Sailing 3, venti agitati

Il porticciolo e le case del paesino si stavano allontanando velocemente, il “Complesso di Edipo” se ne distanziava con la forza della sua scia di spuma e d’acqua gorgogliante.

Omar Tressette, appena imbarcato, salutati i presenti ed indossato che ebbe il suo celebre costume Anni Venti, si diede subito a girellare naso a terra, con la fronte aggrottata, fiutando ogni angolo del grande yacht come un cane da caccia.
Doveva pur esserci qualcosa di irritante in quell’oceano di serenità navigante, che so, due paia di sgraziati sandalacci teutonici occultati in qualche cabina, o più esemplari di canottiere iridescenti dell’Università Quacchera di Appaloosa.
L’operazione, però, ebbe a registrare un imprevisto esito positivo, perché l’omino bizzoso, non solo non ebbe nulla da ridire, ma parve addirittura quasi soddisfatto di ciò che aveva visto.

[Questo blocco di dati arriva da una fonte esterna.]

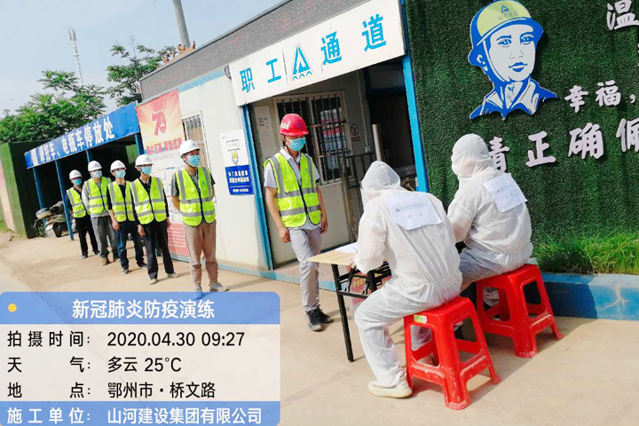 上午9时许,演习正式开始。测温人员“全副武装”,施工人员间隔一米排队检测体温,合格后依次进入工地……检测过程中,一名工人的体温达到37.7度,测温人员高度警惕,经了解没有头痛、咳嗽等症状后,将其带到项目隔离区进行体温复测,询问了返岗时间、交通方式、接触人员等情况,并向项目经理进行了汇报。

Rasserenato, decise allora di ritirarsi nella cabina assegnatagli, un locale doppio, con due cuccette, che avrebbe dovuto cioè dividere con un altro signore, un certo Taruffi.
Qui cominciarono i problemi: quell’ambiente si presentò a Tressette già completamente taruffizzato, e l’impressione che se ne riceveva era viva e avvolgente: una corrente greve mandava in affanno tutti i sensi possibili, li metteva duramente alla frusta, impregnando la cabina.
Mucchi di stracci luridi che a stento avrebbero potuto essere chiamati indumenti, giacevano sul pavimento o pendevano come cadaveri da ogni possibile arredo; sul letto del cronista vagavano incarti colorati di merendine e snacks ad alta tossicità.
Taccuini e penne varie, armi professionali da giornalista d’altri tempi, sparpagliate qua e là, davano l’ultimo tocco all’originalità di quell’ambiente.

Ma era soprattutto il famoso odore di muschio taruffiano il problema principale: un lezzo d’epoca, quasi materiale lo si sarebbe potuto definire, si era impossessato dell’aria della cabina, appesantendola come una caverna del paleolitico, posandosi, come una pestilente pelle aggiuntiva, su ogni singolo muro, su ogni mobile, ma anche sul più piccolo degli oggetti presenti.

A Tressette, in un lampo, parve addirittura di vedere un coronavirus di un metro e settanta di altezza scivolare veloce sotto il letto, nascondendovicisi.
Dalla bocca di Omar fuggì disperato un mezzo nitrito e l’ometto si precipitò come una furia ad aprire l’oblò che Taruffi, in tutti quei giorni, probabilmente non aveva nemmeno notato, spalancandolo.
Ne vennero dentro una potente ventata di mare e qualche benefico spruzzo d’acqua, un pulviscolo di gocce salate che diedero a Tressette un gran senso di sollievo.
Smise di ansimare e attese che l’aria facesse il suo lavoro.
Fu in grado di respirare solo dopo mezzora dall’apertura dell’oblò, quando l’atmosfera della cabina si era in parte alleggerita dei miasmi taruffiani e dopo che un po’ dell’umidità marina, spruzzo dopo spruzzo, aveva bagnato una spicchio di pavimento.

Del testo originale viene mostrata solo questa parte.